# Accountant Liability for an Incorrect Tax Return?



## 2mchtx (Sep 8, 2017)

This is a bit complicated so I will try to summarise the sequence of events.


Spring of 2016 the taxpayer knowing he is negligent hires an accountant (CA) to complete the 2014 back tax and 2015 tax returns. 
As part this the CA is also given permission as an authorised representative authorisation level 2 with the CRA.

At the same time the taxpayer decides to top up his RRSP.
Unbeknown to both the taxpayer and the CA the 2013 'notice of assessment’ used was superseded by a later ‘notice of reassessment’ and the actual RRSP limit was zero.

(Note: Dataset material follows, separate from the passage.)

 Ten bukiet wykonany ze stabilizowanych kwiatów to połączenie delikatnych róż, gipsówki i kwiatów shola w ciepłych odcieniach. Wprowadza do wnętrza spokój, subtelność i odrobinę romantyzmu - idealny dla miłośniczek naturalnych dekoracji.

The CA first completes the 2014 return and the taxpayer receives the 'notice of assessment’ showing the corrected RRSP limit. The taxpayer did notice this but assumed the CA as an ‘authorised representative’ would look at this data on the CRA website when completing the 2015 return.

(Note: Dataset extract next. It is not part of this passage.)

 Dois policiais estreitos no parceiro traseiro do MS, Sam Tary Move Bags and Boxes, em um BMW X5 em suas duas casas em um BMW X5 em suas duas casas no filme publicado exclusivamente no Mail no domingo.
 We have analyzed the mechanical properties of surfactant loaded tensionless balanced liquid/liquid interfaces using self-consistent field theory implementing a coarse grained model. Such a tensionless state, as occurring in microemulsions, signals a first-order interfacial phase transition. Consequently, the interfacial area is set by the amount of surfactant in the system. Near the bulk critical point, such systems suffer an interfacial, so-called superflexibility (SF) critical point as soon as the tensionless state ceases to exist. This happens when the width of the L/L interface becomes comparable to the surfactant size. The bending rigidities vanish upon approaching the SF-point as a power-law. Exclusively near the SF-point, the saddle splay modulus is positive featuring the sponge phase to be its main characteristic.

CA then completes the 2015 return using a tax program based on numbers from the superseded 2013 notice of assessment and missed the RRSP over contribution.

The taxpayer consequently had to pay the fines and penalties for the excess RRSP contributions, close to $2000.

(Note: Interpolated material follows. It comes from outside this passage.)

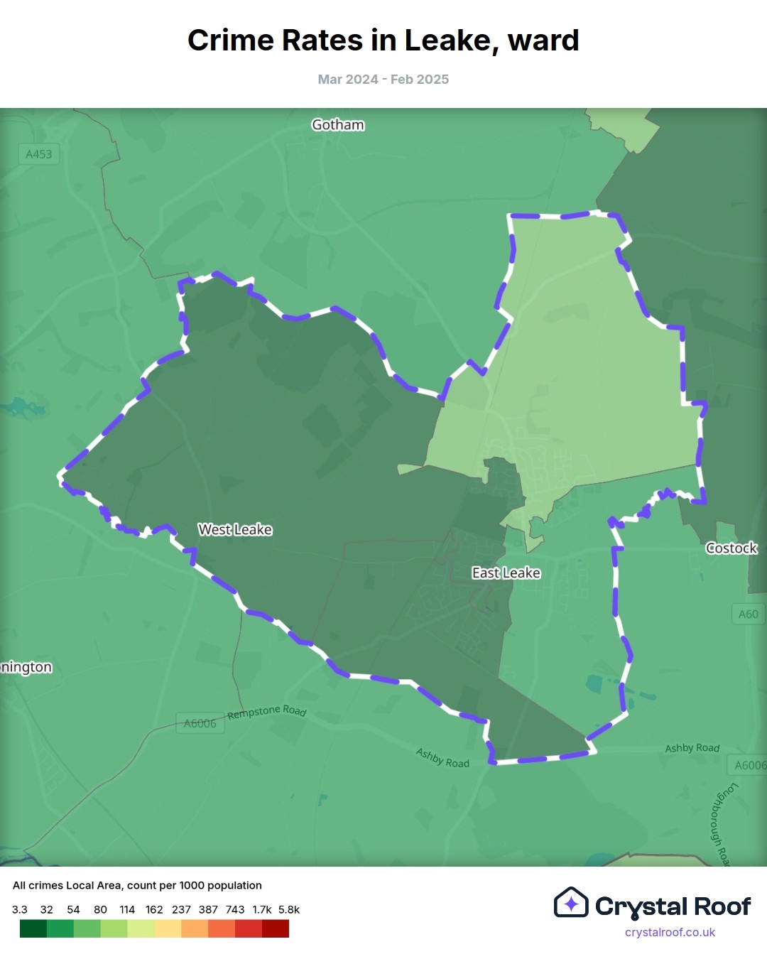 Leake (ward) is located within Rushcliffe (borough). Annual total crime rate in Rushcliffe (borough) is 52.6 crimes per thousand resident population, which can be rated as 1 out of 10 or low crime level compared to other local authority districts in England and Wales.

In hindsight, the root cause for all this is the CA did not correctly follow the instructions on Schedule 7. That is, obtaining the correct RRSP limit: “as per latest notice of assessment”

How liable is the CA for this series of events?

Other professions like Doctors & Engineers would be liable if they did not reference the correct documents as required. Normally if the reference document is not available the professional would ensure they have the correct document before proceeding.

thank you
2mch


----------



## kcowan (Jul 1, 2010)

Yes the CA is responsible. They will naturally be reluctant to agree. Put your request in writing. Be prepared to go to their professional organization for support.


----------



## Mortgage u/w (Feb 6, 2014)

I'll play devil's advocate:

You say the taxpayer is negligent, yet is able to assess the situation after the fact. How negligent is the taxpayer, really?
Were instructions given to the CA to verify if the current NOA provided was indeed the most recent; because he's "negligent"? Or does the taxpayer excuse he provided an old NOA because they're "negligent"?

And who gave the recommendation to contribute to the RRSP? Was is done at the "negligent" taxpayer's own will? Or recommended by the CA? FA?


----------



## OptsyEagle (Nov 29, 2009)

The taxpayer made the RRSP contribution, not the accountant. It is that contribution where the problem and penalties arose. Taxpayer is at fault. Seems pretty straight forward to me.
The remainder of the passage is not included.